Rwanda : les cabarets, bureaux d'élus locaux sans moyens
 

(Syfia Grands Lacs/Rwanda) Au Rwanda, les chefs de villages doivent tout faire bénévolement, mais n'ont souvent ni bureau, ni matériel. Sans cesse sollicités, ils traitent souvent les problèmes au cabaret et exigent des habitants papiers, stylos et… parfois bières pour les résoudre.

Les chefs de villages doivent être disponibles jour et nuit sur les collines rwandaises. Leurs responsabilités sont multiples : ils supervisent la mise en application des programmes du gouvernement, les travaux communautaires, règlent des conflits familiaux, des différends fonciers dans les villages et parcellaires en ville, etc.
Les services de ces élus sont normalement bénévoles. Cependant, bon nombre de ces responsables d’imidugudu, entités administratives de base, ont des "bureaux mobiles". "Quand on a besoin du chef d’umudugudu, on doit avoir des mollets durs pour suivre son itinéraire. Si tu arrives là où on te l’a indiqué, tu apprends qu’il vient de quitter, et souvent il traîne dans un cabaret", note un villageois de Gasabo, Kigali. Un chef d’umudugudu de Kigali s'en explique : "Nous recevons beaucoup de gens à la maison, parfois nous décidons d’aller au cabaret pour diminuer les va-et-vient des foules chez nous." Mais, poursuit un autre villageois du sud du pays, "une fois que tu le rencontres au bar, tu as honte de lui soumettre ton problème avant de lui avoir mouillé la gorge…"

La bière des témoins
Pour faciliter la médiation, rôle principal des élus de base, les conflits doivent être résolus lors de grands rassemblements. "Pour avoir beaucoup de gens qui puissent aider à concilier des parties en conflits, nous nous réunissons souvent dans un bar ou un restaurant", témoigne un chef de Rwamagana, Est. Il explique qu'une fois le litige tranché, "les deux protagonistes payent une "bière des témoins" à tous ceux qui ont participé à la médiation.
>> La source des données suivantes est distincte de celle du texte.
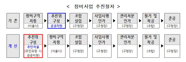 서울시가 2010년 도입한 공공지원 제도는 구청장이 시비 보조금을 받은 후 용역을 통해 추진위원회를 구성하는 방식이다. 그간 정비구역 지정 후 추진위를 구성하면 공정성과 투명성이 보장돼 주민 갈등을 최소화할 수 있었다. 다만 보조금 교부와 용역 발주 등 행정절차 이행 기간으로 신속성이 떨어진다는 불만도 있었다.
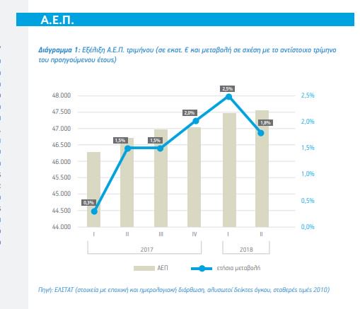 Tο ΑΕΠ εκτιµάται ότι αυξήθηκε κατά 1,8% το β’ τρίµηνο του 2018 έναντι του αντιστοίχου τριµήνου του 2017, ενώ σε εξαµηνιαία βάση προσεγγίζει το 2,2%, όπως τονίζεται στο τεύχος Σεπτεμβρίου για τις Μακροοικονομικές και Δημοσιονομικές Εξελίξεις.
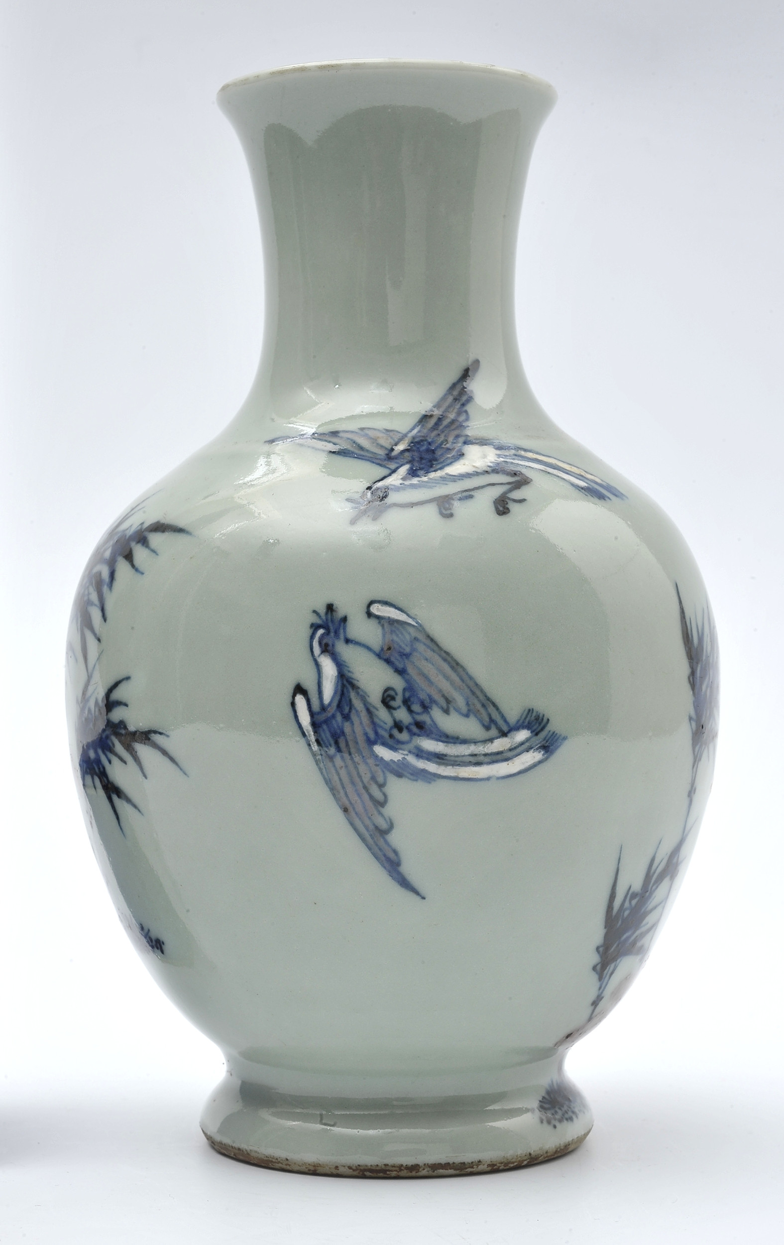 Porcelanowy wazonik o owoidalnym brzuścu płynnie przechodzącym w stosunkowo szeroką szyję z delikatnie rozchylonym wylewem. Powierzchnia wazonu została pokryta półprzejrzystym, seledynowym szkliwem. Kolorystyka ta nawiązuje do jadeitu, który był bardzo cennym i niezwykle pożądanym materiałem w kulturze Dalekiego Wschodu.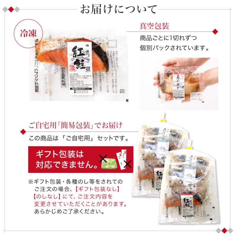 | 容量 | 紅鮭 塩焼:約50g×2切 赤がれい 煮付:約50g×2切 ぶり 煮付:約50g×2切 さば味噌 煮付:約50g×2切 ※漁の関係上、魚種が変更になる場合があります。 |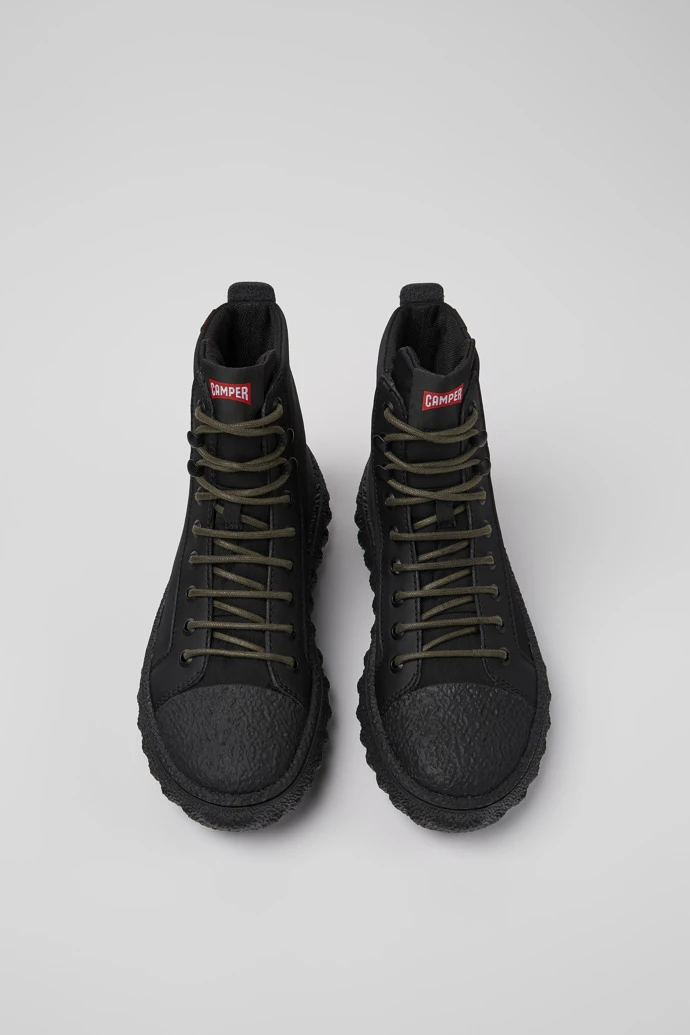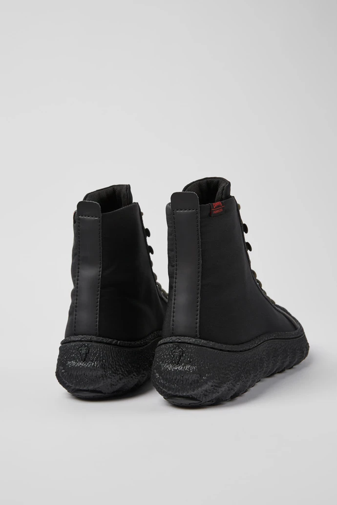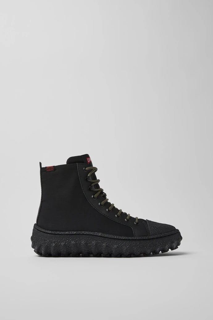Black women’s ankle boots with recycled nylon and recycled leather uppers with a water repellent treatment, plus recycled Primaloft® membranes, OrthoLite® Recycled™ footbeds, and Michelin rubber outsoles (27% natural).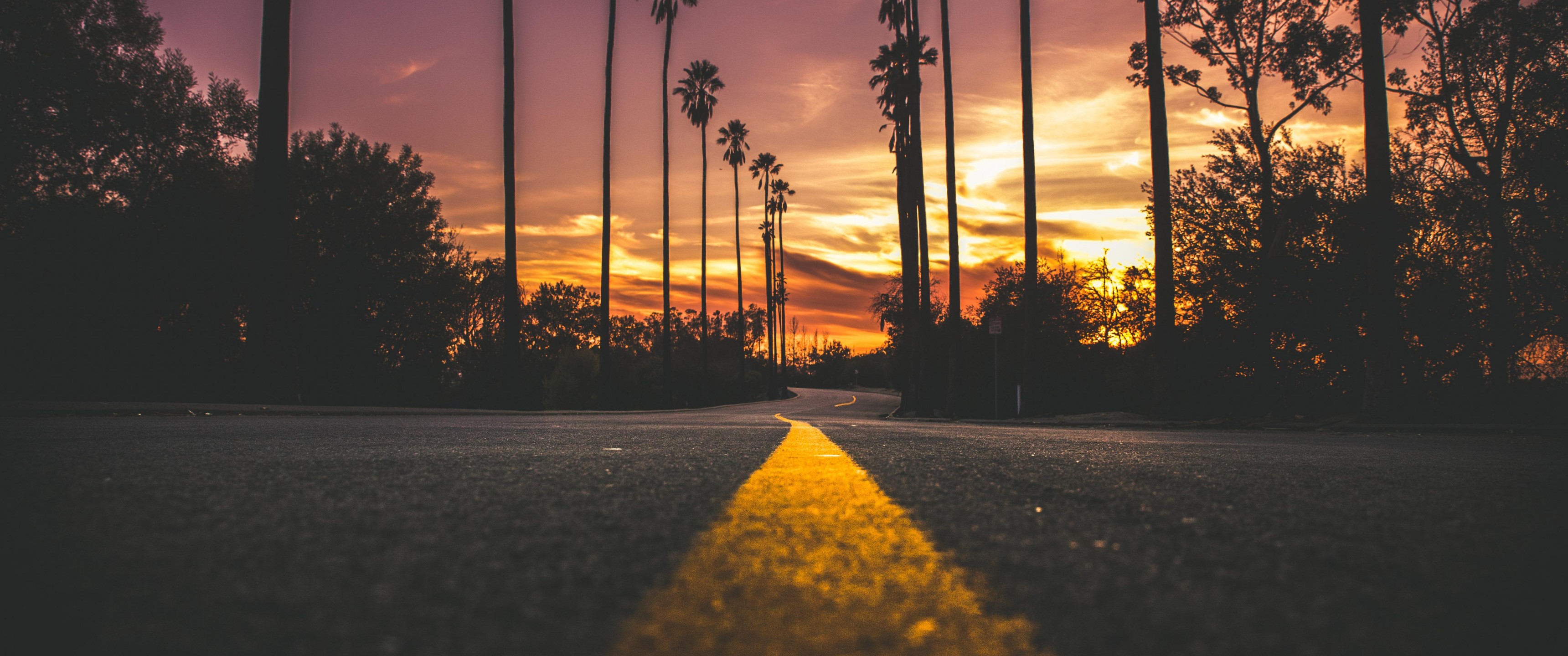 Beautiful sunset road and palm trees - 3440x1440 Ultra WQHD

Mais le médiateur national, l’Ombudsman, Tite Rutaremara, estime que "c'est une autre forme de corruption, car aucune loi ne le prévoit".
Pour le gouverneur de la province du Sud, Alphonse Munyantwari, "les élus locaux ne doivent pas résoudre des problèmes à la maison ou au cabaret, mais dans les assemblées populaires comme lors des travaux communautaires (umuganda) et des réunions." Cependant, remarque André Kagwa, le chef d’Umucyo de Kicukiro, Kigali, "quand un villageois appelle au secours pendant la nuit, le chef d’umudugudu est obligé d’arriver parmi les premiers sur les lieux. Il ne peut attendre le jour d’umuganda pour réconcilier une femme et son mari."

Pas de bureau ni de matériel
Dans de nombreuses entités administratives, les récents élus qui ont pris leurs fonctions ont juré de ne pas freiner les activités. Mais, beaucoup n’ont ni bureau ni matériel. Ils ne reçoivent qu'un cachet et un registre pour recenser leur population. "Ils doivent se débrouiller comme ils peuvent pour continuer à assurer des affaires courantes", précise un agent de la décentralisation au sein du ministère de l’Administration locale. "Pour trouver des papiers pour des rapports ou attestations, des stylos, des cartes de crédit pour le téléphone, confie un élu de Muhanga, souvent nous demandons aux populations de les fournir." "Des responsables laissent souvent de côté ton problème, si tu n'as pas les moyens de payer", témoigne H.D de Gikondo, Kigali. "Cet état de fait engendre des pratiques de corruption qui consistent à rançonner les gens pour leur rendre des services censés être bénévoles", constate un activiste des droits de l’homme de Kigali. Selon Egide Muhire, chef d’umudugudu de Gaseke, secteur Mukura du district Huye, Sud, "lorsqu’un responsable consomme une bière ou utilise un matériel offert par un villageois, il est tenté de pencher du côté de celui qui a donné le plus. Mais, si nous avions des bureaux avec le matériel nécessaire, nous pourrions traiter les gens sur un pied d’égalité."